Symmetrodonts

Symmetrodonts were small shrew- to mouse-sized animals, known mainly from teeth and jaw fragments. They are considered to lie at or near the base of the therian radiation because they are the first mammals to show a nearly symmetrical triangular arrangement of the three main cusps on the upper and lower molariform teeth. The pattern varies from obtuse angled in primitive and some derived types to acute angled in the most derived. The resulting reversed triangles of the upper and lower molars form a series of oblique shearing edges. This configuration was a marked advance compared to the condition in eutriconodonts, and is regarded as an important step in the evolution of the tri-bosphenic molar. Mammals that possess a reversed-triangle molar pattern—symmetrodonts, eupantotheres, and therian mammals—are sometimes united in the higher taxon Holo-theria. The concept of Holotheria is problematic, however, because its contents are controversial (variously including or excluding Kuehneotherium, monotremes, and eutriconodonts) and because of recent arguments that its defining feature, the reversed-triangle molar pattern, has evolved more than once. For these reasons, the name Holotheria was rejected in the most recent treatise on Mesozoic mammals (Kielan-Jaworowska et al., 2004).

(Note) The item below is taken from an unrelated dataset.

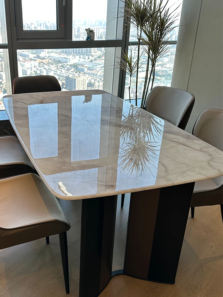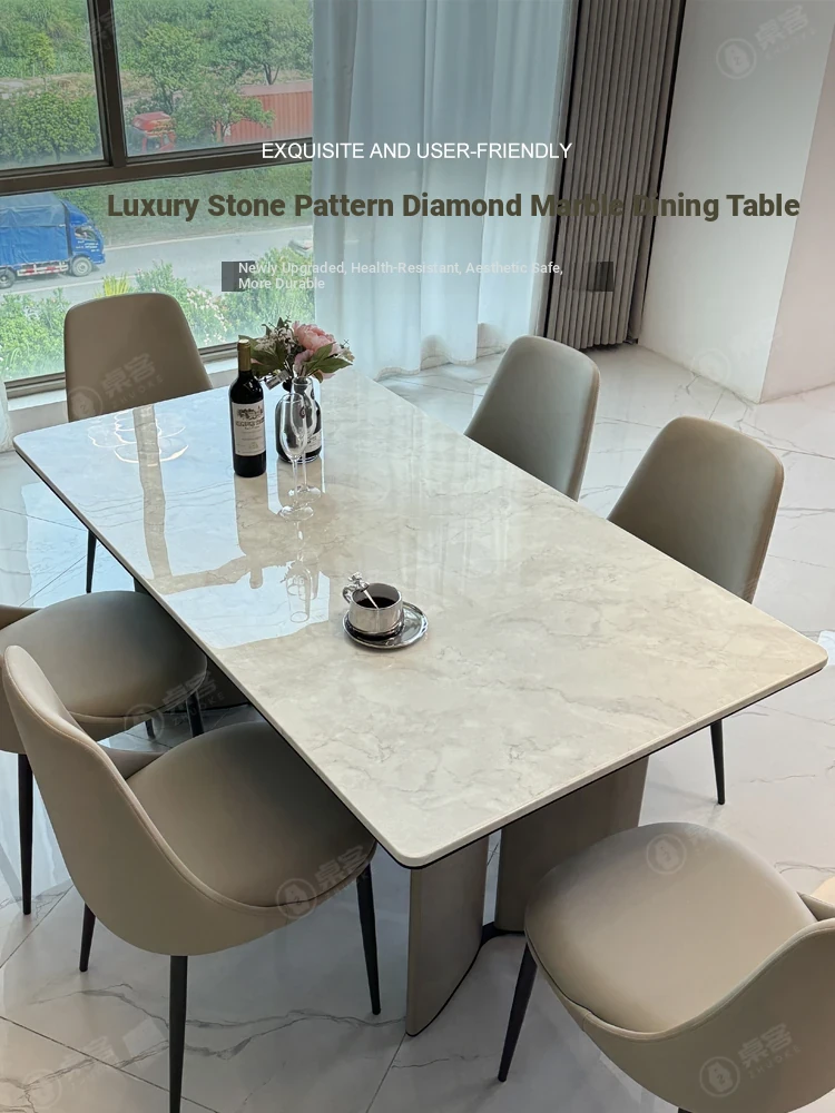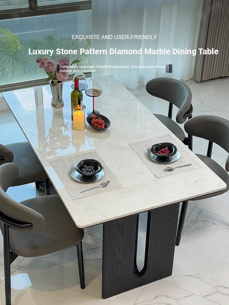 Modern Italian Luxury Micro-Crystal Stone Dining Table - Premium Rectangular Design with Natural Ultra-Crystal Marble Finish, Perfect for Elegant Dining Experiences.

Where known, the lower incisors and canine are small, and there are 7-11 postcanines (Fig. 4.14). The premolari-form teeth are simple and have one main cusp with accessory cusps in front and behind. The lower molars primitively had a small talonid, which was lost in more derived forms. The dentary is long and slender and has no angular process, and the articular condyle is above the level of the toothrow. Postdentary bones were present in the most primitive forms (kuehneotheriids), but are absent in more derived types (Cassiliano and Clemens, 1979). Symmetrodonts are recorded from the latest Triassic (if kuehneotheriids are in cluded; otherwise Early Jurassic) to Late Cretaceous, and are known from all continents except Australia and Antarctica.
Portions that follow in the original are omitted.